H 202: 19th C. French politics
|Events and periods||Type of government||Dominant political groups|
1814-30: the Bourbon Restoration
1814: Napoleon defeated. The victorious allies restore the monarchy: Louis VIII (heir to Louis XVI who was overthrown in the French Revolution) becomes king. He tries to follow a moderate policy.
(The "100 Days": 1815: Napoleon returns to France and resumes power. The war begins again: he is defeated at the Battle of Waterloo and sent into exile on St Helena.)
|The King was theoretically absolute, but granted a "Charter": he agrees to rule with a parliament of two chambers, one representing nobles and one representing commoners (on a property franchise which restricted voting rather narrowly). Most of the Napoleonic settlement (law, admistration etc) is left intact.||Legitimists, conservatives|
1824: Louis XVIII dies, Charles X
becomes king. He follows more "reactionary" policies which seemed
to seek to reverse many aspects of the Revolution.
1830: Parliament seeks reform on issues of censorship, the franchise etc. Charles X resists and tries to restrict the franchise further.
|Government continues under the Charter, but with "Reactionary" policies, e.g. compensation for nobles who had lost land in the Revolution, at the expense of (bourgeois) holders of government bonds.||Reactionaries|
|1830: the July Revolution: Charles X overthrown.The Duke of Orleans (a junior member of the royal family) becomes king, under the name Louis-Philippe. He accepts the principle of constitutional monarchy.|
|1830-48: the Orleanist Monarchy (also called the July Monarchy)||Parliamentary government, franchise wider but still restricted to landowners and bourgeoisie. The government is identified with the bourgeoisie (hence "the Bourgeois King").||Conservatives, liberals|
1848-52: the Second Republic
February 1848: Revolution of 1848. Louis-Philippe overthrown. A republic is declared with a "Provisional Government" (i.e. a temporary government until elections.)
|Provisional government: self-appointed committee||Liberals, radicals, socialists|
April: universal male suffrage elections to Constituent Assembly:
conservatives (including secret monarchists) do well. Radicals in
Paris were very disappointed.
June Days: A popular uprising in Paris, leading to six days of fighting in Paris. The government wins.
November: new constitution agreed. December: election for President, won by Louis-Napoleon Bonaparte.
May 1849: elections for parliament.
|Parliamentary republic, parliament elected by universal male suffrage.||Conservatives, liberals|
|Parliament split between left and right, with right dominant. Parliament restricts franchise.By 1851, conservatives planning to restore Orleanist monarchy.||Under the 1848 constitution, a republic with a separate President and Legislature (on American model).||Conservatives, liberals|
2 December 1851: coup d'état by Louis-Napoleon Bonaparte, who becomes dictator.
1852-70: The Second Empire
2 December 1852: Louis-Napoleon Bonaparte becomes emperor, as Napoleon III.
|Authoritarian Bonapartist government. A Legislative Body is elected by universal male franchise, but is dominated by "official candidates" backed by the government. In the 1860s the regime becomes more liberal.||Bonapartists, conservatives, liberals (in later phases)|
1870: France defeated in Franco-Prussian War; revolution in Paris.
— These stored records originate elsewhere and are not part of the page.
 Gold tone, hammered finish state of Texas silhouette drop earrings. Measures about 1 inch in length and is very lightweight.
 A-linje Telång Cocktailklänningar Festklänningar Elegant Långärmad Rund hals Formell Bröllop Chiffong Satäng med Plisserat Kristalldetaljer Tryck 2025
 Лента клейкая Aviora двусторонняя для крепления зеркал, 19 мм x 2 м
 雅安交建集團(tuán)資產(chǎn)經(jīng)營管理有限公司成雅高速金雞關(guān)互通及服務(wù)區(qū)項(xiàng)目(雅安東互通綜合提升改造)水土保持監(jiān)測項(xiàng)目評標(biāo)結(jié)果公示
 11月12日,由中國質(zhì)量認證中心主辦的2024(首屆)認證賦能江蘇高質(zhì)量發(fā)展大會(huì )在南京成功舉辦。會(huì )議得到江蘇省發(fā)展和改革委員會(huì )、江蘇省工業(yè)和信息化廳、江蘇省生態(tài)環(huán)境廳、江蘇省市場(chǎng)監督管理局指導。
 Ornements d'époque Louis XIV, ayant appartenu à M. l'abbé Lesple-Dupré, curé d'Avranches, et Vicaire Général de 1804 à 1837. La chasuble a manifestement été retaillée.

1871: conservatives do well in elections; radicals in Paris disappointed. Revolution in Paris by the Commune; violently suppressed by the government.
1871: The Commune
(N.B.: this was confined to Paris)
|Revolution (especially but not exclusively working-class) in Paris against conservative trend of Republic. Apparently favoured some type of loose federation which would allow Paris to follow its own path||Socialists, radicals|
|1870-1940: Third Republic||Parliamentary republic, universal male franchise||Conservatives, liberals (monarchists initially in majority in parliament)|
The Second Empire of Napoleon III had been discredited by defeat, but the Republican government which then took power was also discredited by its failure. The Commune made the French bourgeoisie very suspicious of radicalism. In these circumstances the royalists predominated in the initial years of the Third Republic, and planned to restore the monarchy. They lost their opportunity due to failure to resolve the Legitimist/Orleanist split and the unrealistic and extreme views of the Legitimist candidate for the throne. Subsequent Bonapartist advances led the Orleanists to combine with the moderate Republicans against them, and the constitution of the Third Republic was settled in 1875.
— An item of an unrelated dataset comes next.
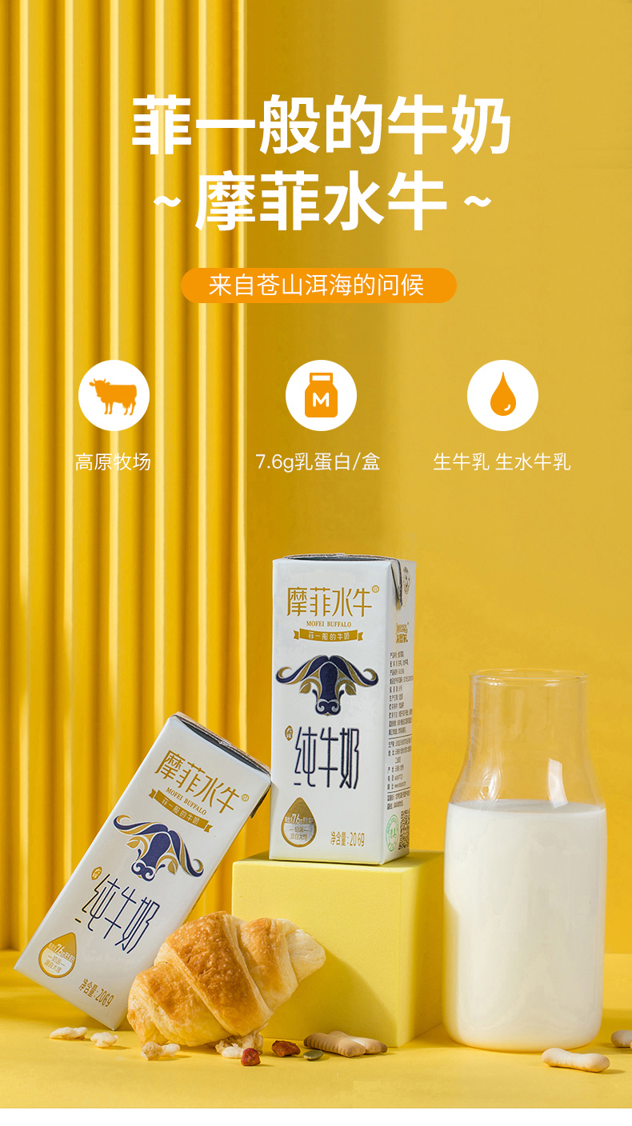 来自云南苍山洱海的摩菲水牛,由“摩拉”奶水牛和“尼里·拉菲”奶水牛以及本土奶水牛杂交,经过数代改良,培育出的奶水牛品种。这种奶水牛产量很低,营养价值很高,口感顺滑、细腻、奶味浓郁。
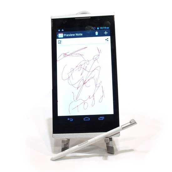 This smartphone with silvery toned bands at two ends features a large touch screen for maximum visual comfort. It is fitted with a nimble touch pen for easy drawing and writing. This functional smartphone is great for daily use.

The Third Republic was a compromise arrangement, a parliamentary republic in which governments changed frequently. There is a sense in which the various political movements of the 19th century can be seen as "alternative endings to the unfinished story of the French Revolution": the Legitimists rejecting the Revolution, the Orleanists perhaps wishing it had stopped in 1791, the Republicans endorsing the First Republic, and the Bonapartists looking to the legend of Napoleon.
The deep divisions of Left and Right had not, however, been resolved. Sections of the Right never really accepted the Third Republic, and in 1940 they seized their chance. It is perhaps only with Charles de Gaulle's Fifth Republic that a stable national consensus on the regime has been reached.